If you want a preview of what the next 18 months of B2B go-to-market look like, veteran SaaS investor Jason Lemkin just provided an incredible blueprint. The headline: Lemkin replaced a 10-person sales team with 1.2 humans (yes, 1.2) and 20 AI agents. Revenue stayed flat.
Look past the shock value. This isn't a sad story about robots coming for your job. It's about the death of the "mediocre middle" in knowledge work, and we all should celebrate that.
For years, we've accepted a bloated model in sales where junior employees burn out doing robotic tasks—qualifying inbound leads, sending generic cold emails, chasing dead opportunities. Most of this work can be broken down into repeatable workflows, discrete steps you can map on a whiteboard. Even the judgment calls like "is this lead worth my time?" can be automated with good reliability if you train the system on your best people's instincts. And AI doesn't get tired, doesn't complain about "trash leads," and works Christmas morning.
But there are things that only human beings do well. AI can help you prospect, triage, and qualify much better than the best SDR.
But it can’t build trust.
This is especially critical for high-ticket, complex deals, where you need a human closer (the "1.0" in his equation). For anything inexpensive, buyers actually prefer the speed of an agent over waiting two days for a "relationship builder" to call them back and ask about the budget.

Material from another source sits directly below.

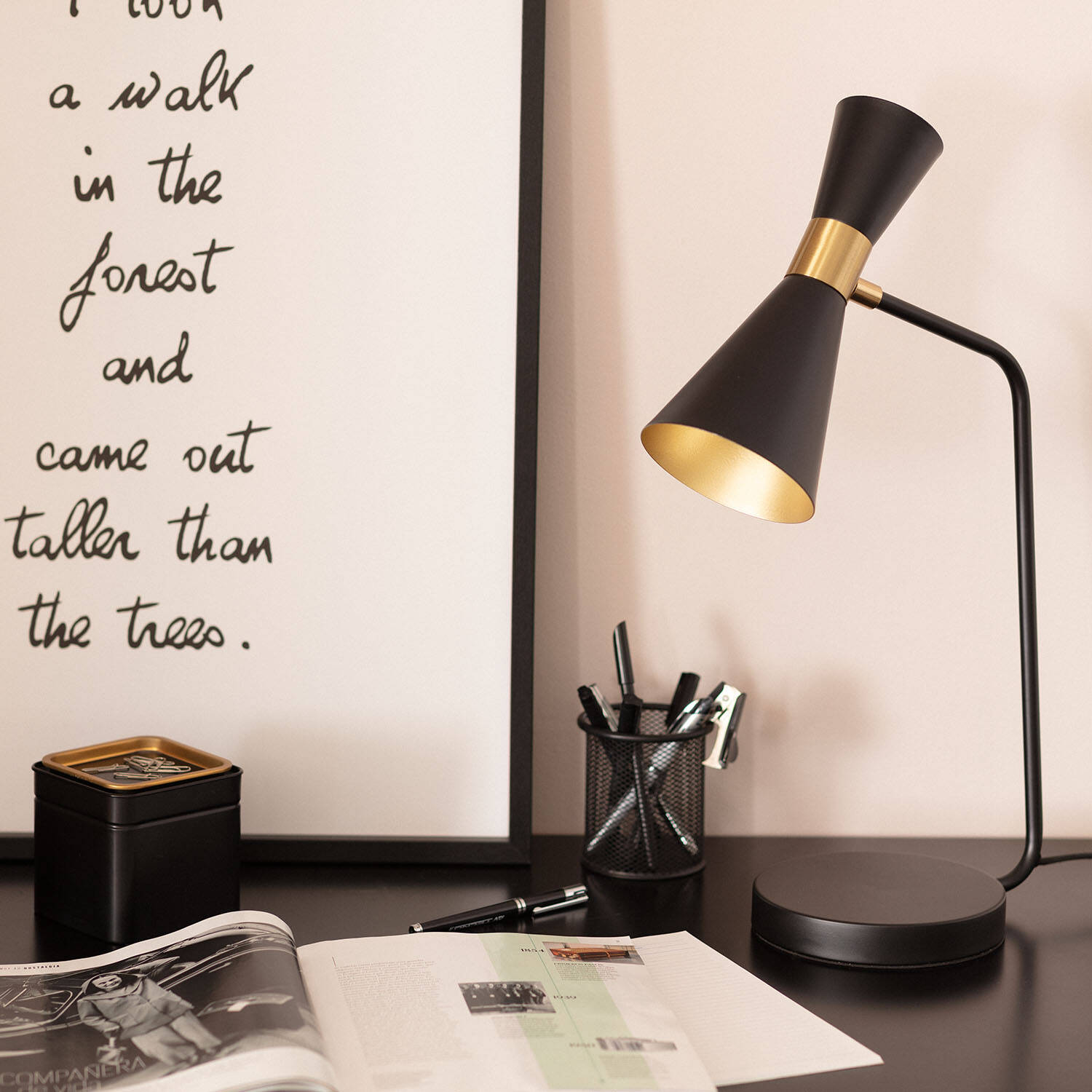 La lámpara flexo de escritorio Jigger combina diseño y funcionalidad en un elegante acabado de acero negro con detalles dorados. Su estructura metálica robusta garantiza durabilidad y estabilidad, ideal para ambientes interiores como oficinas o estudios. Equipada con casquillo E27, permite elegir la bombilla que mejor se adapte a tus necesidades, hasta 20 W de potencia máxima. Su diseño moderno y minimalista aporta un toque sofisticado a cualquier espacio, mientras que el interruptor integrado facilita su uso diario. Certificada con CE, RoHS y UKCA, ofrece seguridad y calidad. Además, soporta temperaturas de trabajo entre -20 °C y 50 °C, asegurando un rendimiento fiable en distintas condiciones. Incluye garantía de 3 años para tu tranquilidad.

The most interesting role in this new setup isn't the closer, though. It's the "0.2" called Amelia. She's not a salesperson, she doesn’t even have a sales background. She's a Chief AI Officer, which in practice means a hyper-competent ops lead who spends 10-15 hours a week orchestrating the agents: checking for hallucinations, resolving conflicts between bots, updating training data.

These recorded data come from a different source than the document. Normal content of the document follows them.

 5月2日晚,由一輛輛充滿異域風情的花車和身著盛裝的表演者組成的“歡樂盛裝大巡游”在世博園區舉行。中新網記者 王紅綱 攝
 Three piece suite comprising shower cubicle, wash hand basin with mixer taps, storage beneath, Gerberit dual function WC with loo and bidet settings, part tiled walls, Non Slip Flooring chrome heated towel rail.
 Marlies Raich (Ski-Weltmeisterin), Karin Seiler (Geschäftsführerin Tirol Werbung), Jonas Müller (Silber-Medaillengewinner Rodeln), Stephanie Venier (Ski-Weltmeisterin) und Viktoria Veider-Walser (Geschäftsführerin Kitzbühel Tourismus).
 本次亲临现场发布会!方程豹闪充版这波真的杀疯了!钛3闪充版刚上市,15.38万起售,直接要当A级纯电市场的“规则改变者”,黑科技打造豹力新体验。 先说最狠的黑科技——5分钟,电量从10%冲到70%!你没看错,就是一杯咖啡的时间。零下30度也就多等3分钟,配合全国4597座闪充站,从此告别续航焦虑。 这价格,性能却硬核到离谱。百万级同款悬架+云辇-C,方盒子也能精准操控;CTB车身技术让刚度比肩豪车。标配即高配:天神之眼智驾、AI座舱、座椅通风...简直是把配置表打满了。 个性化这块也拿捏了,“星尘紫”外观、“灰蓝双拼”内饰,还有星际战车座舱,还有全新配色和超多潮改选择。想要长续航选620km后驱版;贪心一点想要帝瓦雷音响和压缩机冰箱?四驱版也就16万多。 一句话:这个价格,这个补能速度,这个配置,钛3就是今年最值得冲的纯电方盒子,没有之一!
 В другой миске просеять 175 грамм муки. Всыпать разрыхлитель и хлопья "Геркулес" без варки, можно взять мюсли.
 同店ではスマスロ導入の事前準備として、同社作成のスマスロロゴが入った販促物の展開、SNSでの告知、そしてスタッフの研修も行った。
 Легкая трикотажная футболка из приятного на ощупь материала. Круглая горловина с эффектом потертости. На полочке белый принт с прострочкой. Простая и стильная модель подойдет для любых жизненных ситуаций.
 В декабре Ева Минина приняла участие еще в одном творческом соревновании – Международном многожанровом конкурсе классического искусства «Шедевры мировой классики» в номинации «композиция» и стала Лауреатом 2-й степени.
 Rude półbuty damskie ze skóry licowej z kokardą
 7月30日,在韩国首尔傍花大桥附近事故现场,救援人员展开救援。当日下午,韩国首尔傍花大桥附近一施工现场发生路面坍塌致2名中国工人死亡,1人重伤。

Lemkin’s agent army didn't work out of the box. The first agent started sending customers wrong event dates, and he spent an hour every morning fixing its mistakes. But after training, that same agent closed a $70K sponsorship deal on its own. It took him months to perfect the system, so his learnings are worth considering:
Expect that it won’t work at first. The biggest lie in AI sales is that you can just "turn it on." You can't. Someone needs to review the agent's outputs daily, correcting mistakes until it learns your context. Skip this step and you'll get nothing.
Don't build, buy. Unless you're an engineering-first company, your internal tool will be obsolete in three months. Buy established tools that come with "Forward Deployed Engineers"—vendor staff who ensure the agent actually works before you pay.
Start with the trash. Don't put an untrained agent on your VIP leads. Deploy it on the leads your team ignores: small accounts, ancient opportunities, "Contact Us" spam. Lemkin's agents hit a 70% response rate on "dead" leads humans deemed worthless. Found money, zero risk.
Train on your best, not your average. Upload your top rep's emails, scripts, objection handling. The agent becomes a scalable copy of your best performer. Feed it mediocre inputs, get mediocre outputs at scale.
Your orchestrator is an ops lead, not a salesperson. The Amelia role requires someone who loves data and understands logic flows—not a traditional sales manager. If you hire a "people person" for this job, they'll try to motivate the software instead of debugging it (which is a fascinating insight).
Most people will focus on the headcount reduction. That's fair—it's real and it matters. But let's be honest: no one loved the mediocre middle. Not the people stuck doing it, not the managers overseeing it. We kept these roles because we had no better option. Now we do.